Eisner Says Lawsuit Won't Affect Other Disney Plans

Times Staff Writer

Walt Disney Productions, which lost its partners on a giant Florida hotel complex this week in a bitter dispute, told shareholders Thursday that four other projects at Walt Disney World near Orlando will not be hurt by the spat.

Michael D. Eisner, chairman and chief executive of the Burbank-based company, told the annual meeting here that a $300-million studio tour attraction will be built as scheduled, in addition to a 444-unit apartment complex for employees and a 900-room luxury hotel.

In addition, Eisner disclosed plans to build about 800 moderately priced guest rooms in so-called Wilderness Inns. It would be the first moderately priced hotel offered at Disney World, which typically charges $130 to $160 daily for rooms at its Contemporary or Polynesian hotels.

Separately, shareholders approved changing the firm's name to Walt Disney Co.

Disney was sued Tuesday for more than $1 billion by Tishman Realty & Construction and 14 other firms associated with a 2,250-room convention hotel complex announced last April and hailed as the largest project of its kind on the East Coast.

New York-based Tishman, which oversaw construction of Disney's $1.2-billion Epcot theme park, said the group pulled out of the hotel project because Disney allegedly violated an agreement not to offer special privileges to another hotel operator.

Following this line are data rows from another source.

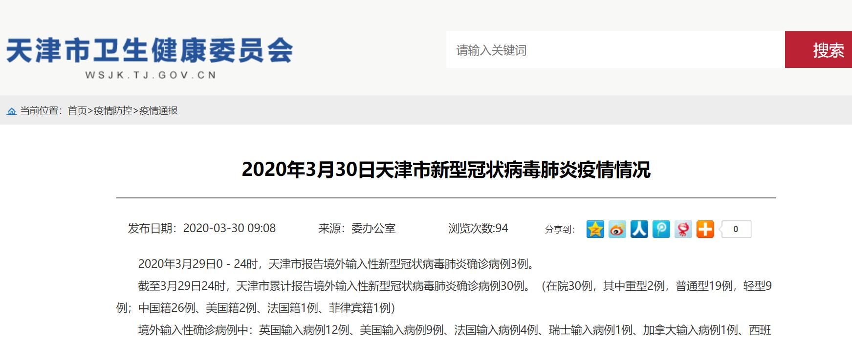 截至3月29日24时,天津市累计报告境外输入性新型冠状病毒肺炎确诊病例30例。(在院30例,其中重型2例,普通型19例,轻型9例;中国籍26例、美国籍2例、法国籍1例、菲律宾籍1例)
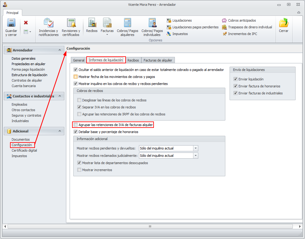 Pueden mostrarse detalladas, factura por factura, o bien agrupadas y sumadas en una sola línea. Este comportamiento se configura en la pestaña Informes de liquidación de la sección Configuración de la ficha del arrendador.
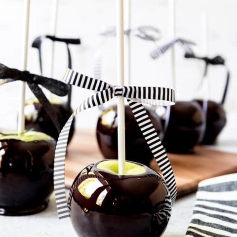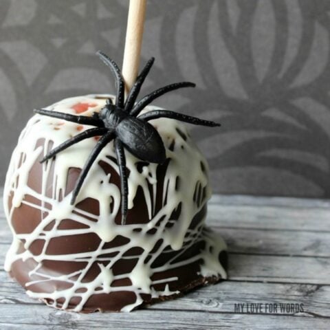 These dark chocolate-coated Spider Web Caramel Apples are so easy to make and perfect for a spooky Halloween Party!
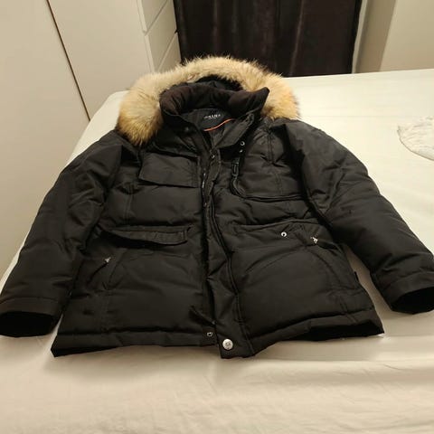 Otroligt snygg, stilren och varm jacka från coola märket kvalitetsmärket RifridgiWear. Klarar ned till 40 minusgrader och är oerhört välsydda och av hög kvalitet. Svart jacka med vackraste, mjukaste pälsen på kragen i lite mörkgråmelerat. Bälte i midjan som går att fästa bak eller fram. Jackan är u jättefint skick och oerhört väl omhändertagen. Dock har den ena av de små hållarna på dragkedjan gått sönder. Går att använda ändå utan problem, se bild som visar. Nypris: 9500 kr, nu 3000 kr! Otroligt snygg och mycket jacka för pengarna. Stl. XL men är lite liten i storlek så passar Stl L.
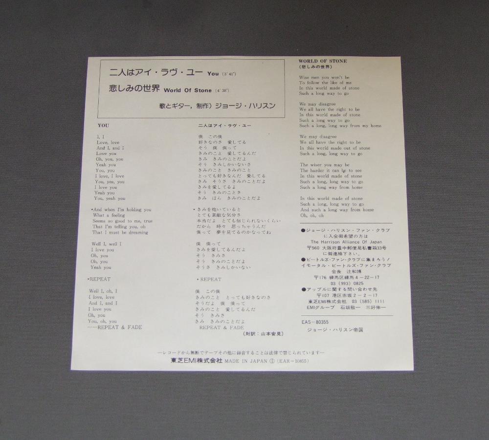 GEORGE HARRISONジョージ・ハリスン/YOU二人はアイ・ラヴ・ユー EAR10855 製造国:日本盤 / Media:7inch外観:EX盤の状態:EX+ 価格(税込):¥1,100(売約済) 送料 7inch:定形外郵便 360円~LP:定形外郵便 660円~送料は、注文の最終画面で確認頂けます。 > > GEORGE HARRISON/YOU 外観 (EX)特記事項:特記なし。外観EXの共通説明:ダメージが限定的。中古品としては保存状態がよい方。シミ、ヨゴレ、スレ 少し~軽度。 盤の状態 (EX+)特記事項:極薄いスリキズ・スレ少し。一見してきれいな状態です。盤EX+の共通説明:盤面の極薄いスリキズ、スレ少し程度 音に出そうなものは無いように見える(極軽微なソフトティック音は除く)。 Tweet それぞれの画像をクリックすると、大きい写真が見られます こちらの商品もお勧めです 1,650円 GEORGE HARRISONジョージ・ハリスン / DARK HORSEダーク・ホース 1,210円 WINGSウィングス / VENUS & MARSヴィーナス・アンド・マース 1,540円 WINGSポール・マッカートニーとウイングス / LONDON TOWN 1,650円 WINGSウィングス / OVER AMERICAUSAライブ 770円 PAUL MCCARTNEY&WINGSポール・マッカートニー&ウイングス / BAND ON THE RUNバンド・オン・ザ・ラン 880円 PAUL McCARTNEYポール・マッカートニー / TUG OF WARタグ・オブ・ウォー 770円 WINGSポール・マッカートニー&ウイングス / VENUS AND MARSヴィーナス・アンド・マース 770円 WINGSウイングス / AT THE SPEED OF SOUNDスピード・オブ・サウンド
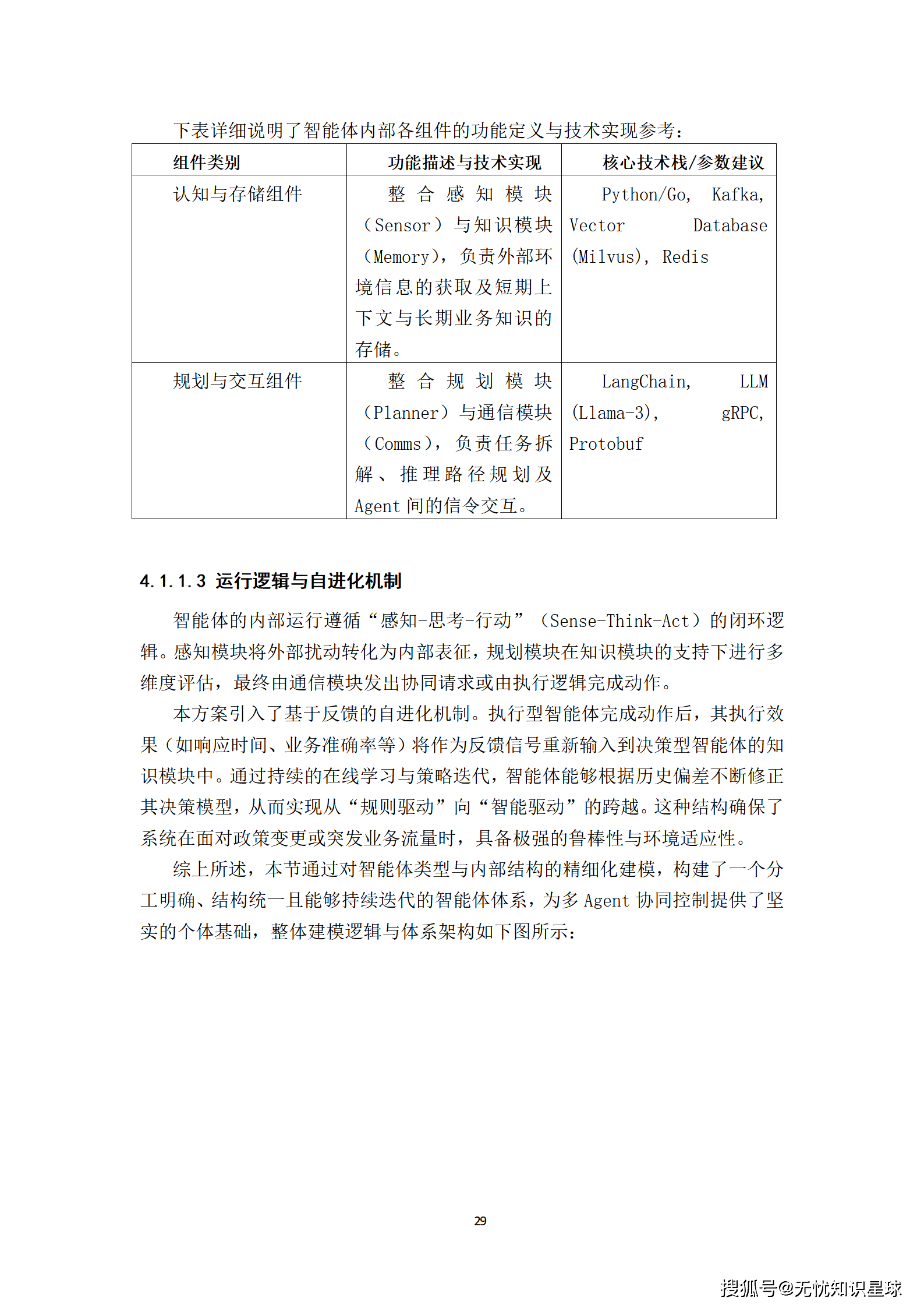 运行逻辑遵循“感知 - 思考 - 行动”(Sense-Think-Act)闭环,并引入基于反馈的自进化机制,通过持续在线学习修正决策模型。

According to the lawsuit filed in a state court in Orlando, the Tishman group confronted Disney last spring before signing the agreement about reports that Disney might seek a far-ranging deal with Marriott Corp. At that time, the lawsuit said, Disney promised to abide by an agreement that would, among other things, bar any other hotel operator from operating a convention hotel inside the park for 10 years after the opening of the group's Sheraton hotel.

According to the lawsuit, the Tishman group learned in September and October that Disney was considering turning over the management of its hotels to Marriott and granting it the right to operate the central reservation system.

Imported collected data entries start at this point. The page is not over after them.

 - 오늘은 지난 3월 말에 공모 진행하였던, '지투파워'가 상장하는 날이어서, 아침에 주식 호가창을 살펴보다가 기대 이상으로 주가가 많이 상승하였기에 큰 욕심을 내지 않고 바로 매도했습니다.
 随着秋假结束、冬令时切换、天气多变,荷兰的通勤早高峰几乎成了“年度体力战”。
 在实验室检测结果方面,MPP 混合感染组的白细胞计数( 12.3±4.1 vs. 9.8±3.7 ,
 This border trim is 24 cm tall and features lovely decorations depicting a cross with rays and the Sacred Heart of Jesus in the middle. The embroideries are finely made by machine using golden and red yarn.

Tishman also contends that Disney considered a joint venture with Marriott to build moderate-priced hotels with between 10,000 to 20,000 rooms over a period of time.

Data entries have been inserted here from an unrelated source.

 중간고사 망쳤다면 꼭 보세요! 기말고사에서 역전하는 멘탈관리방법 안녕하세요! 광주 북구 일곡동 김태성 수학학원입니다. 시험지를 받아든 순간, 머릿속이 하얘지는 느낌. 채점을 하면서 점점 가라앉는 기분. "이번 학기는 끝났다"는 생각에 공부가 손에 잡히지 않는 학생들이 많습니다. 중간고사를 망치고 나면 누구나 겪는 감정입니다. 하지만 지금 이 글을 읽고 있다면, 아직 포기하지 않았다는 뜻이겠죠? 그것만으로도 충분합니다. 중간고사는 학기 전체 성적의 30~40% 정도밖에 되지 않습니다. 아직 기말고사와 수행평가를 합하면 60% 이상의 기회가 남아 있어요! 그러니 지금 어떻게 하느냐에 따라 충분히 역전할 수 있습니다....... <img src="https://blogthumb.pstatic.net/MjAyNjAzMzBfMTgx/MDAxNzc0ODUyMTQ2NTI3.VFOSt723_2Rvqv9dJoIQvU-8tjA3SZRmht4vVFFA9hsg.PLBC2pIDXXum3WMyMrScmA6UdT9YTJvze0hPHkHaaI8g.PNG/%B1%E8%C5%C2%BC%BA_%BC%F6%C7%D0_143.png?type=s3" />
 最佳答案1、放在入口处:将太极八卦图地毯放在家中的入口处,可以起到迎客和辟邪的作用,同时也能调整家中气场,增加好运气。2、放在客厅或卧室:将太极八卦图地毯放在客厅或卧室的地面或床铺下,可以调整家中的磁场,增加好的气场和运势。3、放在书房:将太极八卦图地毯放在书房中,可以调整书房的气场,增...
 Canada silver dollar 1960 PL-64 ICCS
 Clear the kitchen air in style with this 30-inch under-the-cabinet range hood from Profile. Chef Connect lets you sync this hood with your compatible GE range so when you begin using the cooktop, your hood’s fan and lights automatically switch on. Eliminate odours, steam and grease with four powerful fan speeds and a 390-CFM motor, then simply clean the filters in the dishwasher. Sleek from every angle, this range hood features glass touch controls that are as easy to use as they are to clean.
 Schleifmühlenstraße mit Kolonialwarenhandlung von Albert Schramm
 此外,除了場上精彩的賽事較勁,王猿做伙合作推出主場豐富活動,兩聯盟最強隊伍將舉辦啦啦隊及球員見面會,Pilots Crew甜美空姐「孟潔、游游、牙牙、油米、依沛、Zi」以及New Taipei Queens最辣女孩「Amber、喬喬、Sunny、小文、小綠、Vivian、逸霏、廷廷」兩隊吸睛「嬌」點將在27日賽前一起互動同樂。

Eisner declined to make a specific response to the lawsuit Thursday. However, he said: "We think it is a completely unjustified (lawsuit) and we will defend (ourselves against) it as vigorously as we can."

In a brief interview, Eisner said the company may sell a stake in Epcot, its largest theme park, by the summer. The company has been considering ways to raise funds for its ambitious development of its surrounding Florida holdings. The Disney chairman said the company has narrowed the plans to two or three proposals.

"We have one plan that we favor," Eisner said. "But we haven't put it together yet, (so) that we're sure we can do it, or will do it."

More than 94% of Disney's voting shareholders agreed to change the name of the corporation to Walt Disney Co., to reflect its diversification since Disney's incorporation in 1938 as a motion picture firm.

The meeting was held for the first time in Boca Raton, where Disney's Arvida land development company has its headquarters. It drew more than 1,000 shareholders to the posh Boca Raton Hotel & Club, which was sold by Arvida several years ago for $100 million. Arvida continues to manage the resort through a company in which it holds a one-third stake.